The HIV gene pol encodes the viral enzymes protease, reverse transcriptase, MG132 DMSO and integrase and represents the most conserved region of the HIV genome. Never theless, differences in the pol sequences inherent to cer tain HIV 1 subtypes have been identified. They include different consensus amino acid residues in the non catalytic regions of the protease, RT and integrase. Some of these Inhibitors,Modulators,Libraries differences are considered to be subtype specific signature sequences, which may poten tially affect drug resistance acquisition and probably replicative capacities of the subtypes, as reviewed earlier. The protease of subtype C is highly conserved and has differences in the AA sequence when compared to subtypes A, B, and D.

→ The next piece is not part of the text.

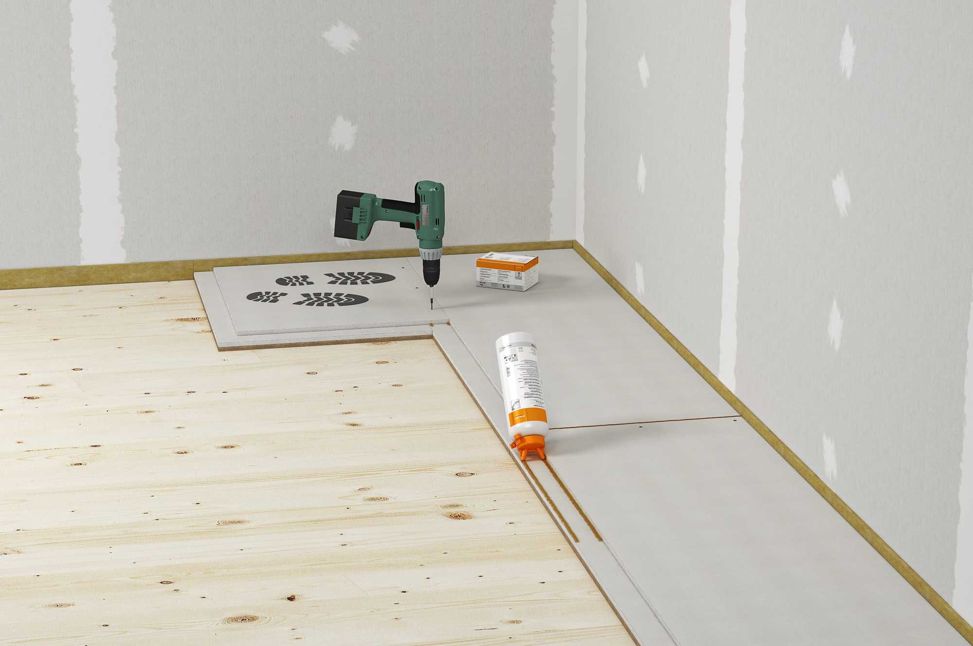 Geringe Aufbauhöhen sorgen dafür, dass beim Einbau von Fermacell Bodensystemen nur wenig Raumhöhe verloren geht.

The subtype C protease has been shown catalytically Inhibitors,Modulators,Libraries more efficient than the pro tease from B subtype, and capable of recognizing more diverse cleavage sites in its substrates. Bioinformatic analysis of the integrase sequences showed that twelve of fourteen subtype Inhibitors,Modulators,Libraries C specific con sensus AAs are variable within the subtypes. These con sensus residues are located beyond the catalytic triad and functionally important zinc binding motif, LEDGF p75 binding region, and the nuclear localization signal. Recent investigation of the 3 processing and strand transfer activities of the integrase from subtypes B and C, in the presence and absence of the strand transfer inhibitors, did not reveal any differences in these activities and in susceptibility of these enzymes to the inhibitors. RT is an essential enzyme responsible for HIV replica tion and determination of the viral variabilitypoly morphism.
The reverse transcription and related events of the virus life cycle have been thoroughly character ized for subtype B viruses, while much less information is available for subtype C. Despite relative conservation of the RT sequence Inhibitors,Modulators,Libraries among the HIV 1 subtypes, differences in the effect of RT on virus replication, Inhibitors,Modulators,Libraries on frequency and location of background polymorphisms, and on the development of different resistance patterns in response to treatment with RT inhibitors have been observed between subtypes B and C. These differences may reflect the functional diversity of RT between sub types. However, the mechanisms contributing to these differences remain to be determined. In this study, we hypothesize that RT is the major fac tor within the pol encoding proteins responsible for Calcitriol sub type specific differences in the replication of HIV 1. To test this hypothesis, we generated chimeric subtype B and C viruses carrying fragments of the pol gene encod ing the whole RT, distinct domains of RT, and the pro tease or integrase sequences from different subtype C and B isolates.